**PROVIDED RECORDS**
------------------------------------------------

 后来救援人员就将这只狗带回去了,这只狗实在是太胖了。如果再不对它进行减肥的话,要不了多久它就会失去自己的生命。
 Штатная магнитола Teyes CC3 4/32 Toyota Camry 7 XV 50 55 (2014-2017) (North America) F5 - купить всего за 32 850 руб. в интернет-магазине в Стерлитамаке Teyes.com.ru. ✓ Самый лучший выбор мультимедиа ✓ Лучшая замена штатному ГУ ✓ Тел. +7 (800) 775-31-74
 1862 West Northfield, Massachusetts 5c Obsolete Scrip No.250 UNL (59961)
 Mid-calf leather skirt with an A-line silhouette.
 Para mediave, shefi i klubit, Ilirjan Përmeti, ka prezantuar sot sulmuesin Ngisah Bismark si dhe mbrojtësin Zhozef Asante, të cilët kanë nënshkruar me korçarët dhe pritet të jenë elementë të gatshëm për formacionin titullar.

------------------------------------------------

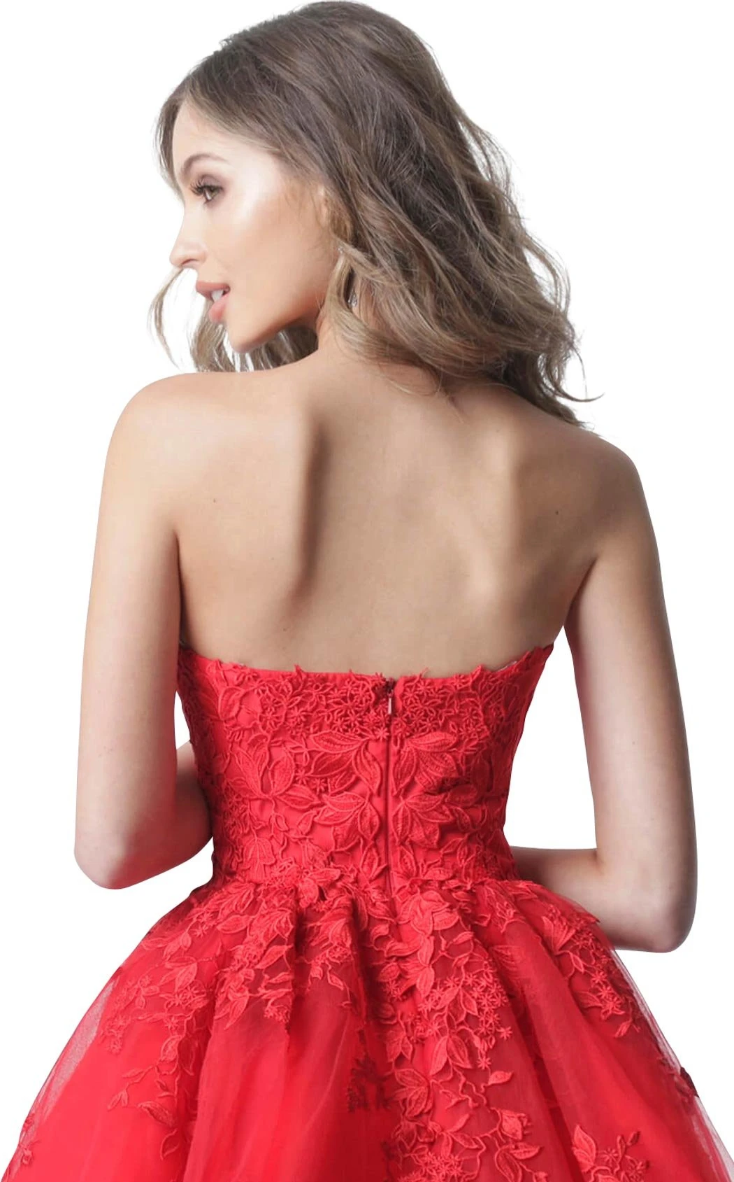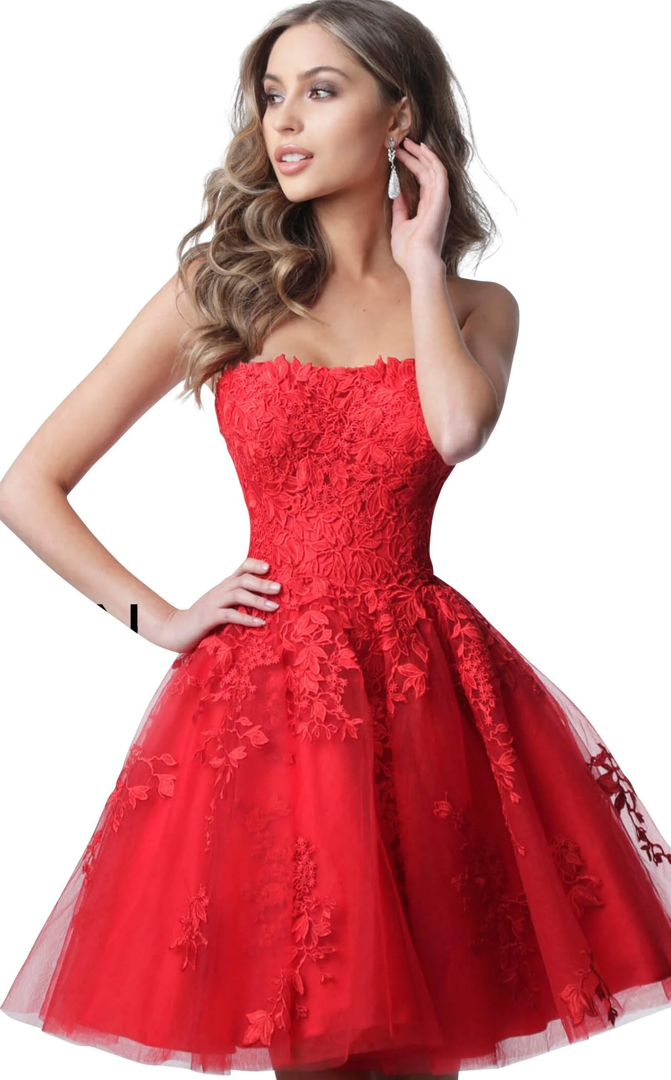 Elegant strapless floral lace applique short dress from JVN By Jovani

------------------------------------------------

Take the stretch of lines above from the one containing "Штатная магнитола Teyes" through the one containing "Para mediave, shefi" and repeat it exactly, adding no other line.

 Штатная магнитола Teyes CC3 4/32 Toyota Camry 7 XV 50 55 (2014-2017) (North America) F5 - купить всего за 32 850 руб. в интернет-магазине в Стерлитамаке Teyes.com.ru. ✓ Самый лучший выбор мультимедиа ✓ Лучшая замена штатному ГУ ✓ Тел. +7 (800) 775-31-74
 1862 West Northfield, Massachusetts 5c Obsolete Scrip No.250 UNL (59961)
 Mid-calf leather skirt with an A-line silhouette.
 Para mediave, shefi i klubit, Ilirjan Përmeti, ka prezantuar sot sulmuesin Ngisah Bismark si dhe mbrojtësin Zhozef Asante, të cilët kanë nënshkruar me korçarët dhe pritet të jenë elementë të gatshëm për formacionin titullar.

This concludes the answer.